Une personne se tient le visage, à genoux face contre terre, une autre boite et m’explique qu’elle a reçu un tir de flashball dans le genou. Je lui demande si ça va. Je lui explique que j’ai le numéro de mon ami medic que je peux appeler si besoin, peut-être qu’ils pourraient faire venir quelques personnes ici. Il me dit que ça va a peu près. Je me dis que ça ne doit pas être un tir de flashball sinon il aurait bien plus mal. Probablement un tir tendu de grenade lacrymo.

Je retrouve peu à peu mes esprits. Ils sont toujours là et attendent.

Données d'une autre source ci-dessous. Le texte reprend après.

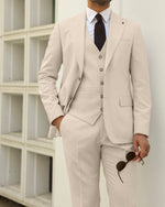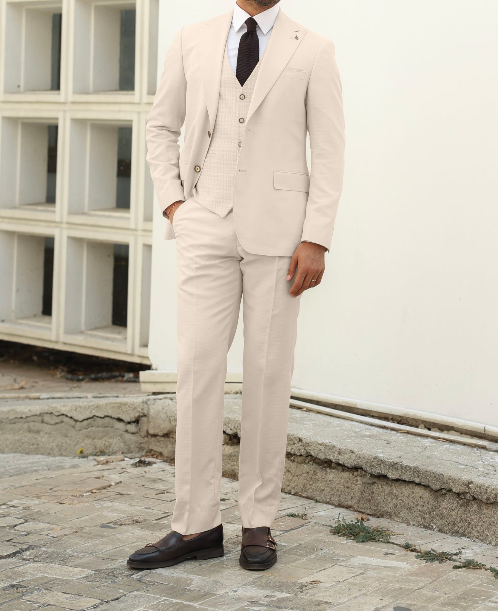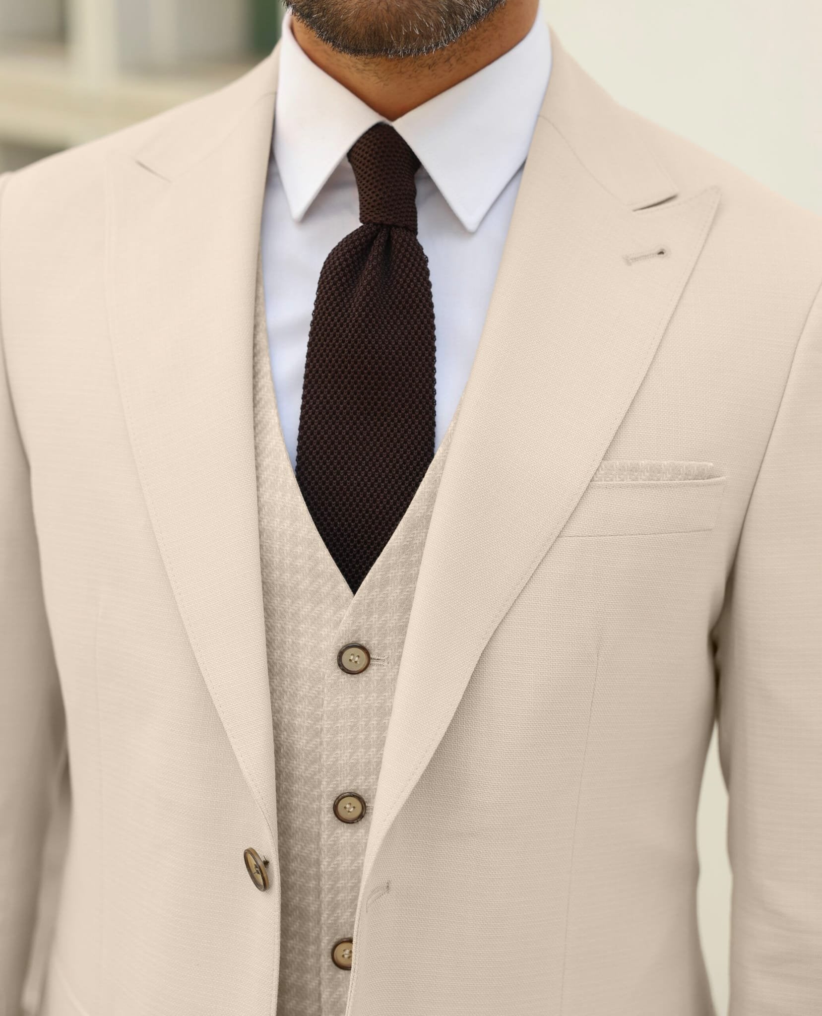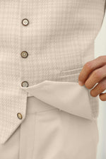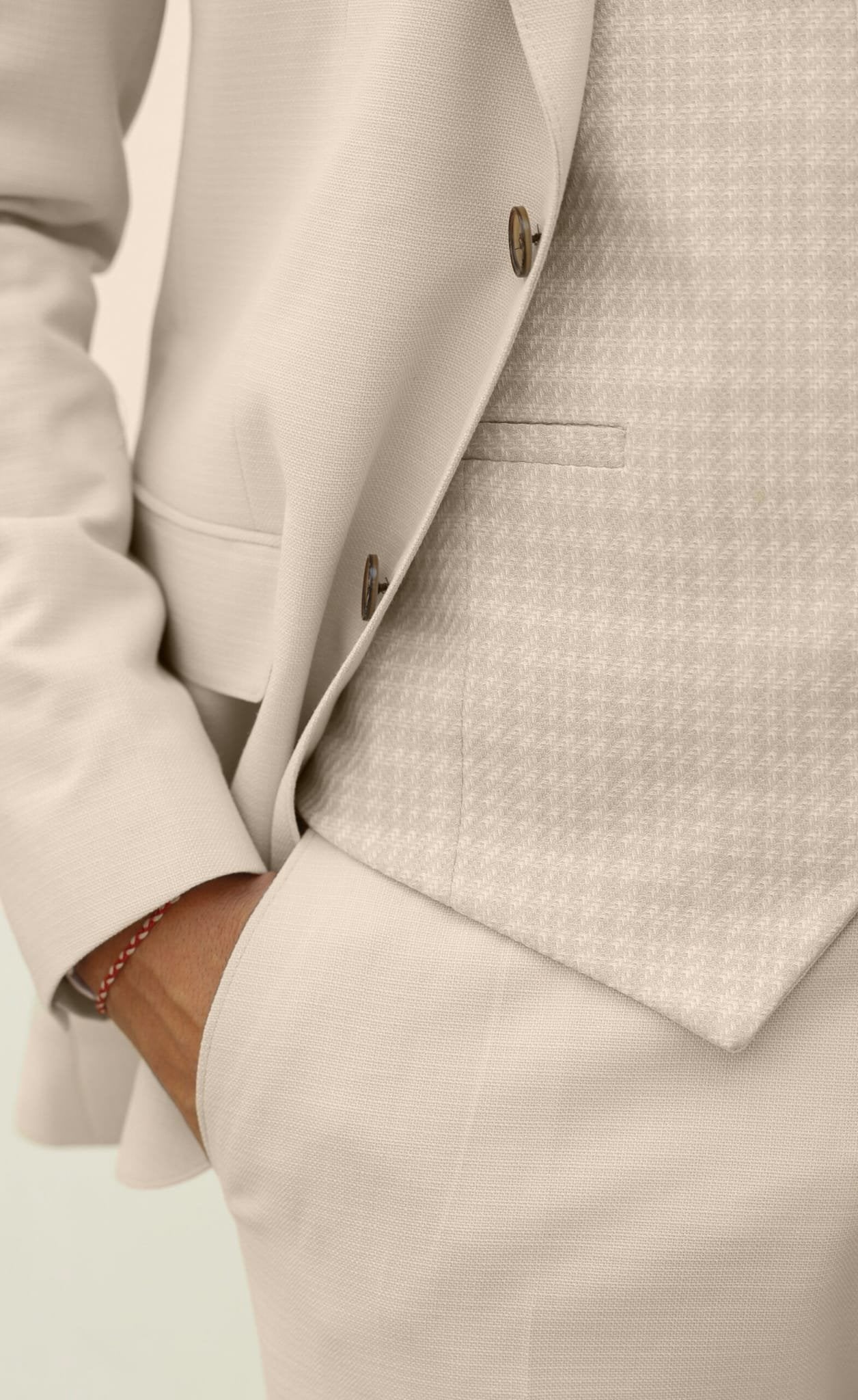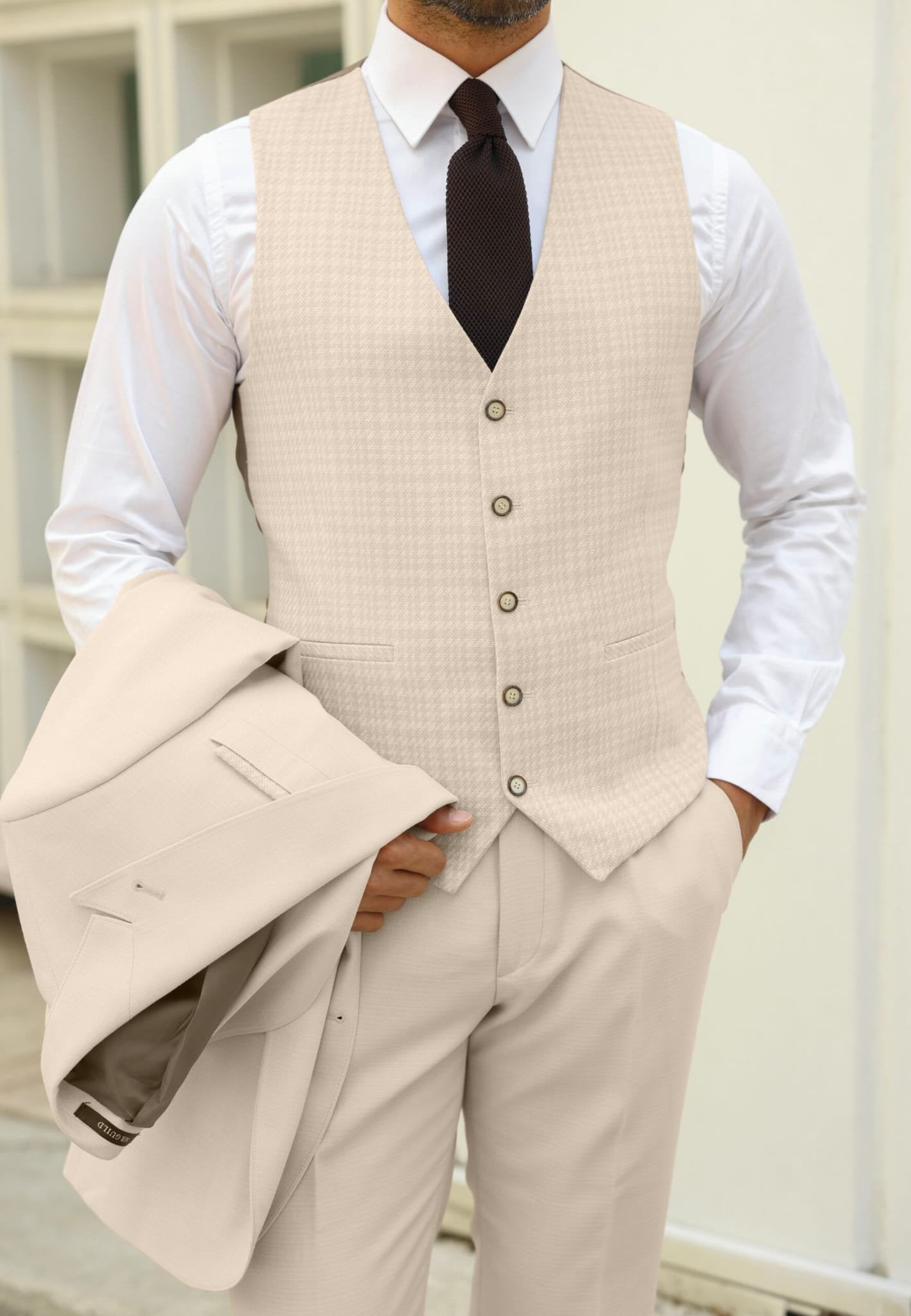 This men’s cream three-piece suit offers exceptional versatility with a reversible waistcoat, allowing for two distinct looks in one elegant ensemble. Crafted from a high-quality wool blend, the suit features a tailored fit that enhances the wearer’s silhouette. The single-breasted jacket and matching trousers complement the innovative waistcoat, which can be worn on either side to effortlessly switch between a classic and a contemporary style. Ideal for weddings, business events, or sophisticated gatherings, this suit combines timeless design with modern functionality, ensuring you always make a refined statement, no matter the occasion.

Ils se sont visiblement déjà séparés car ils ne sont que 3 ou 4, ils discutent, parlent avec d’autres personnes dans leurs talkies-walkies, reçoivent peut-être des instructions.

Ça ne sent pas bon. Ça ne sent pas bon du tout. Je me décide à me préparer à partir. Je me rapproche vers le fond du jardin, vers les personnes en train de grimper. Beaucoup sont déjà partis, je fais parti des derniers.

Il ne faut pas rester là. Je ne veux pas rester avec les CRS, ils sont très menaçants. Je me fous un peu de finir en garde à vue à ce moment, je veux juste protéger ma propre personne. Je sens qu’ils vont attaquer d’un instant à l’autre et que si je suis dans ce jardin à ce moment, je vais me faire tabasser. J’escalade un mur. Je reste debout dessus, j’aide quelqu’un à monter, je reste un peu pour regarder comment la situation évolue. Certains ont le vertige et peinent à escalader. Je réalise que la nuit tombe. J’ai le temps d’envoyer un message à mon amie qui était rentrée fatiguée, en expliquant qu’on s’est fait coincés. Je n’ai pas le temps de décrire davantage la situation : ça y est, ils entrent. J’ai peur. Je vois des lumières approcher, des grosses voix qui crient encore des choses que je ne comprend pas, d’une manière très violente, comme s’ils étaient en train de coincer un groupe terroriste. Je saute de l’autre coté du mur, à travers lequel je peux déjà entendre des cris. J’éteins mon téléphone.

Je pars au fond de la cour avec la personne que je viens d’aider. On se cache un moment, puis on avance vers un espace couvert : un petit garage ouvert accessible par la cour intérieure. Il y a environ une vingtaine de personnes dans la cour, certains d’eux observent sous la porte du garage qui donne sur la rue. On nous fait signe de faire silence.

Je retrouve un ami, ça me soulage un peu, on échange discrètement quelques phrases. Je comprends qu’il y a des gens derrière la porte du garage qui mène sur la rue. Je commence tout doucement à prendre conscience que nous ne sommes plus des manifestants. Nous sommes un groupe de personnes présent sur une propriété privée.

Au bout de quelques minutes la porte du garage bouge violemment par l’extérieur. Les gens autour de moi commencent à courir. Je m’enfuis également. Ça court dans tous les sens. J’entends la porte s’ouvrir et les CRS crier avec leurs voix puissantes. On se bouscule vers une issue. Chacun part où il peut, là où leurs quelques moyens de raisonner à cet instant leur suggère.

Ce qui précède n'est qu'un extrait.